REVIEWER: Lyall carter

Leading London lawyer and his wife re-define later life by motoring across rural India in their battered 1936 Rolls Royce, to get to a human rights festival in Bangladesh.

Recently I’ve seen some adventure like documentaries; people retracing old journeys, making new ones or heading out into the unknown. Romantic Road is head and shoulders above these films. It's a taut, thrilling adventure with a love story decades in the making thrown in for good measure with dazzling cinematography. 

 

At a time when most couples are preparing for a simple life, Rupert and Jan Grey, a free-spirited and eccentric upper-class English couple in their sixties, ignore everyone’s advice and embark on a remarkable journey - to drive Rupert’s father’s 1936 Rolls Royce across India on their way to a photography festival in Dhaka, Bangladesh.

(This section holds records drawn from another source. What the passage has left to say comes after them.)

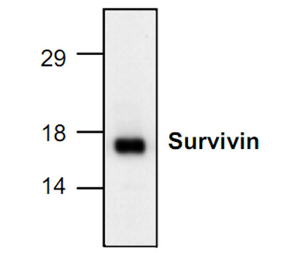 Survivin is a newly described apoptosis inhibitor that is expressed in many human cancers, but undetectable in terminally differentiated adult tissues. It has been shown that recombinant expression of Survivin conteracts apoptosis of B lymphocyte precursors deprived of interleukin 3 (IL-3), s μggesting a potential role of Survivin in cancer therapy. Survivin interacts with the processed form of caspase-3 and inhibits its proteolytic activity.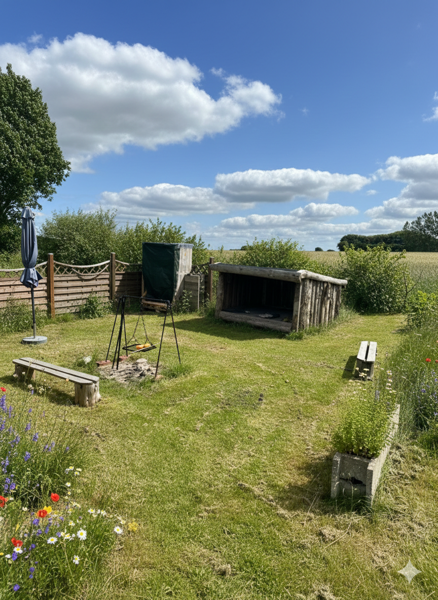 Vi har en stor græsplæne til fysiske aktiviteter samt et shelter i baghaven til udflugter og overnatninger.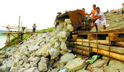 时刻新闻 —分享— 7月21日,里耶古城防洪大堤,人们运送石料加固大堤受损地段。里耶古城“6·20”特大洪灾,造成防洪大堤多处受损。连日来,龙山县组织人员昼夜施工,整修防洪大堤。 胡荣春 摄 来源:湖南日报 作者:胡荣春 编辑:刘飞越 实习编辑 黄倩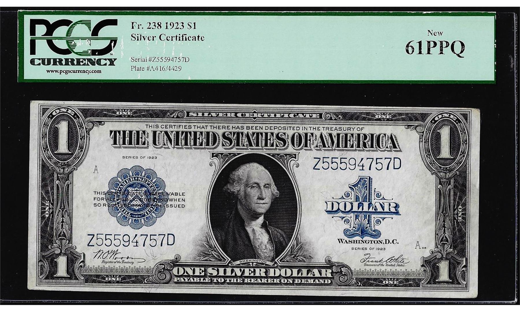 One 1923 $1 Silver Certificate Note Fr.238 PCGS New 61PPQ. PCGS Graded.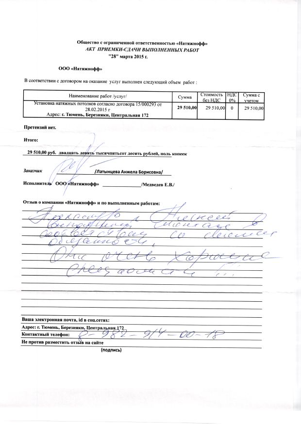 Я Никитин С.К., очень благодарен, вашей фирмой ООО "Натяжнофф" в особенности вашей бригаде, в профессионализме выполненной работы, очень чётко, очень аккуратно, и быстро. Хочу поблагодарить директора Е.В.Медведева, и очень попросить, чтобы бригаду вознагродили в денежном эквиваленте.
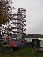 - 2014: The park opened in 2014 for its 122nd season on May 23.[16] The park was undergoing the possibility of a tax sale in September, as the park owes more than $910,000 in overdue property taxes.[17] Also, Toboggan is removed from the park in September 2014 and put up for sale. Witch's Stew, Musik Express, and the Kiddie Carousel are also put up for sale. All rides put up for sale are not sold and stay in operation the following year, other than the Toboggan which is kept in storage. In December, after many failed attempts of trying to appeal a Sheriff's sale of the park (with the sale then scheduled for December 5, 2014), the park files for bankruptcy to stop the sale.[18] The Super Round-Up base is also removed from the park. Splash City did not operate this season.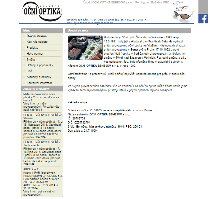 Historie firmy Oční optik Šafanda začíná rokem 1991 resp. 15.6.1991, kdy její zakladatel pan František Šafanda vydražil státní provozovnu oční optiky ve Vlašimi.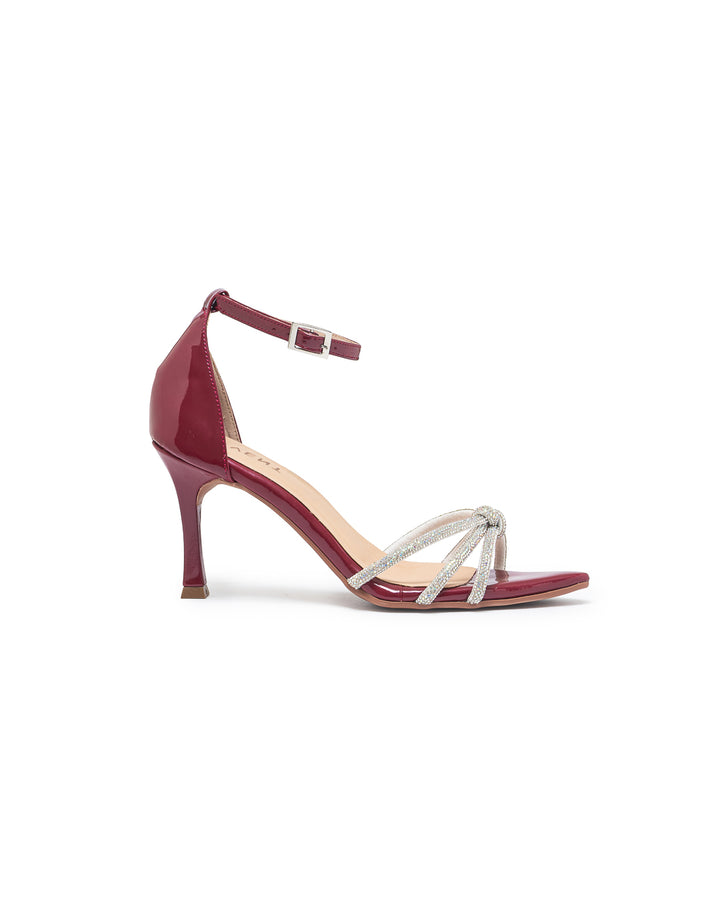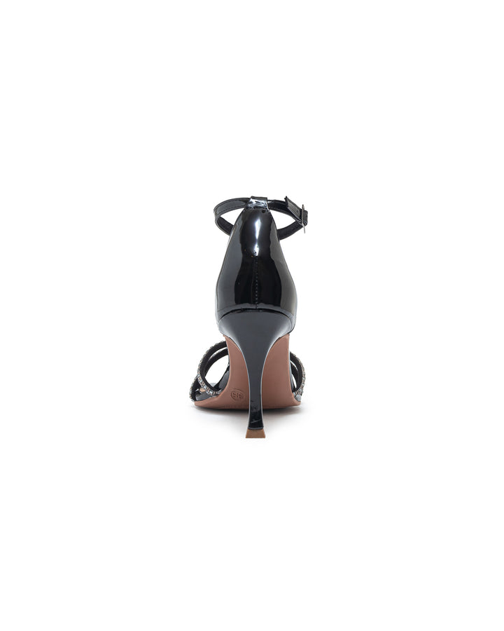 Tacón de dama en charol con diseño elegante de tiras delgadas adornadas con brillos, entrelazadas al frente para un toque sofisticado; cuenta con pulsera ajustable al tobillo con hebilla metálica y tacón curvado que estiliza la silueta, siendo ideal para eventos de noche, fiestas o looks formales con glamour.

Over six months and some 5000 miles they fall into company with tea-wallah and maharajahs, dodge tribal conflicts, negotiate with border officials and make constant mechanical repairs.

 

Often with films of this nature they are a passion project of the adventurers themselves. This can lead to the film being not as narratively structured as it should be, leaving us to follow many rambling side roads instead of the main thrust of the story.

 

And while Romantic Road gives us insight into the Grey’s thoughts on life, political ideologies and Indian’s colonial past, it never overshadows the main thrust and purpose of the narrative which is the Grey’s adventure to Dhaka and their ever evolving love story.

It’s everything you’d want in an adventure documentary. There’s triumph, setbacks and intriguing characters to meet all set against a stunning backdrop. The cinematography is utterly gorgeous bringing all the wondrous colours of India to the screen. 

 

Romantic Road is a taut, thrilling adventure with a love story decades in the making thrown in for good measure with dazzling cinematography.